Start of MATERIAL SHOWN

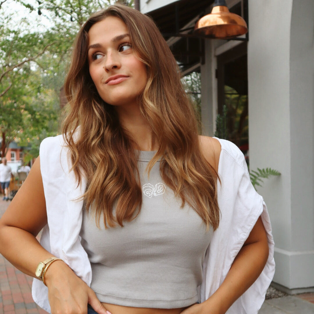 This tank top is the perfect blend of comfort and coastal cool. The stormy color is a nod to the ocean's moody side, while the delicate oyster embroidery adds a touch of seaside charm. Crafted from a soft, stretchy blend of 95% cotton and 5% polyester, it's perfect for those laid-back days.
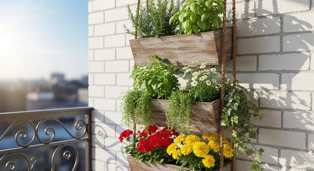 Tiered hanging planters maximize vertical space by stacking multiple plants in a single area. Each tier holds herbs, succulents, or trailing plants, creating a cascading green effect. This design works well for small balconies or indoor walls.
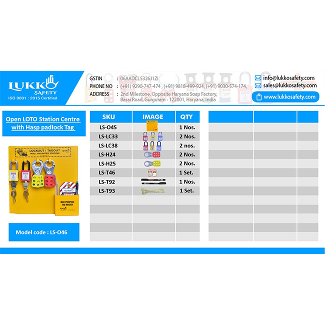 Open LOTO Station Centre – with material (4 OSHA Lock + 4 Hasp + Tag set +  Pen + Cable tie)
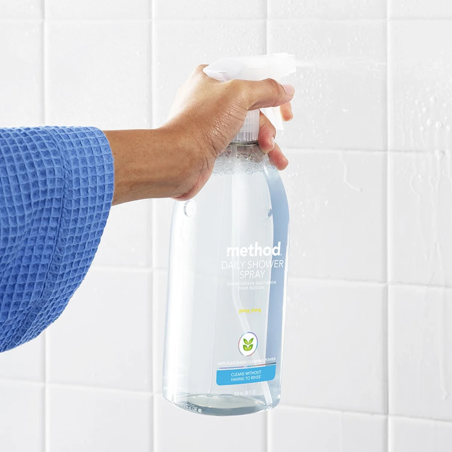 Contains (1) 68oz bottle of daily shower cleaner refill. Refills your method daily shower spray bottle 2.43 times (to be exact). Biodegradable formula made with plant-based cleaning power. Dissolves + prevents soap scum without having to rinse. Cleaning spray works on showers, tile, fixtures, glass and tubs. Cruelty free. tested by people, not on animals. This crisp eucalyptus mint scent gets a little boost from notes of bergamot, citron and lime leaf.
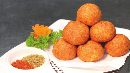 豆腐丸子精選五臺(tái)山鹵水豆腐,擠出多余水分,壓成細(xì)膩豆腐碎,加入佐料攪拌,揉成圓潤緊實(shí)的丸子,蒸制后在麥芽糖水中定型再開炸,外衣漸鍍“金甲”,內(nèi)里卻保持著豆腐的柔嫩本味。

End of MATERIAL SHOWN

● **ACTIVITY**
Copy exactly the lines from the one containing "Contains (1) 68oz" through the last line of the records above, including both, and omit every picture.

● **ANSWER**
 Contains (1) 68oz bottle of daily shower cleaner refill. Refills your method daily shower spray bottle 2.43 times (to be exact). Biodegradable formula made with plant-based cleaning power. Dissolves + prevents soap scum without having to rinse. Cleaning spray works on showers, tile, fixtures, glass and tubs. Cruelty free. tested by people, not on animals. This crisp eucalyptus mint scent gets a little boost from notes of bergamot, citron and lime leaf.
 豆腐丸子精選五臺(tái)山鹵水豆腐,擠出多余水分,壓成細(xì)膩豆腐碎,加入佐料攪拌,揉成圓潤緊實(shí)的丸子,蒸制后在麥芽糖水中定型再開炸,外衣漸鍍“金甲”,內(nèi)里卻保持著豆腐的柔嫩本味。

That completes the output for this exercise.